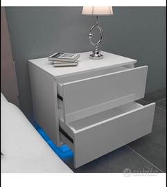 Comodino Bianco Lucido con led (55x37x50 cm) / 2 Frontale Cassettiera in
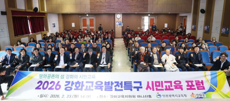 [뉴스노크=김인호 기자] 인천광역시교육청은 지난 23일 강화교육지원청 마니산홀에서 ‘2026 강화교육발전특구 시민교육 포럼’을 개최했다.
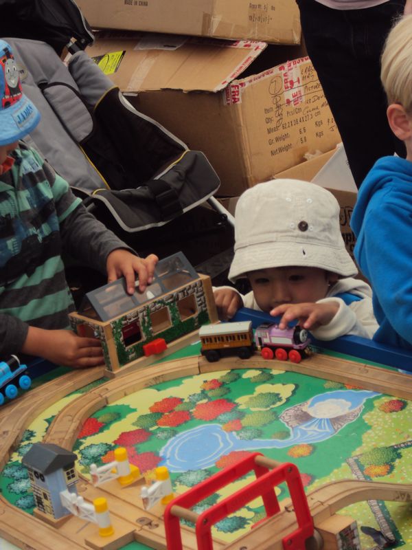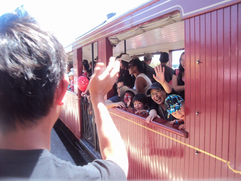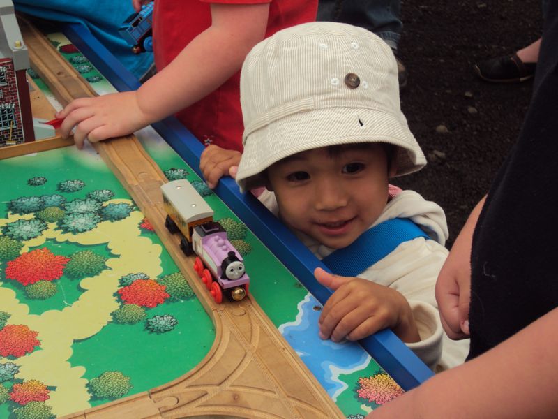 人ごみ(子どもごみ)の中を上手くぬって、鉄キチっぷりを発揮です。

* * *

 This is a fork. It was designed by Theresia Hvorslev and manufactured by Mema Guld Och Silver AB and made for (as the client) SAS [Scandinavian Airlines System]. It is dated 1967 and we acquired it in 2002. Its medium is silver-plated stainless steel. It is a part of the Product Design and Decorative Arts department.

...

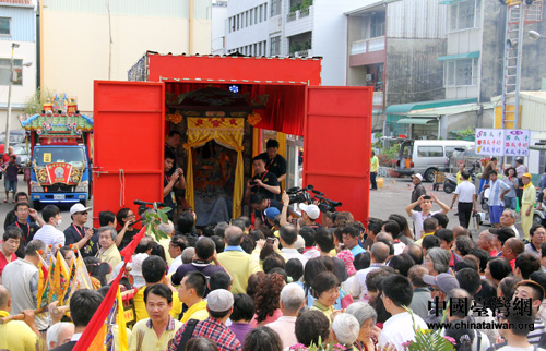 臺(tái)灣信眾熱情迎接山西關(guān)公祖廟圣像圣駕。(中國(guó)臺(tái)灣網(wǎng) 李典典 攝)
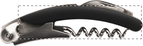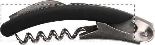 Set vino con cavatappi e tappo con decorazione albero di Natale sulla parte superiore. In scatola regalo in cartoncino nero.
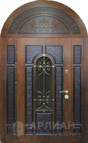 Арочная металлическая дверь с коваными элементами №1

Try it = In the material above, one part opens with the line containing "臺(tái)灣信眾熱情迎接山西關(guān)公祖廟圣像圣駕。(中國(guó)臺(tái)灣網(wǎng) 李典典 攝)" and closes with the line containing "Арочная металлическая дверь". Write out that part exactly and skip its pictures.

Answer to the exercise =
 臺(tái)灣信眾熱情迎接山西關(guān)公祖廟圣像圣駕。(中國(guó)臺(tái)灣網(wǎng) 李典典 攝)
 Set vino con cavatappi e tappo con decorazione albero di Natale sulla parte superiore. In scatola regalo in cartoncino nero.
 Арочная металлическая дверь с коваными элементами №1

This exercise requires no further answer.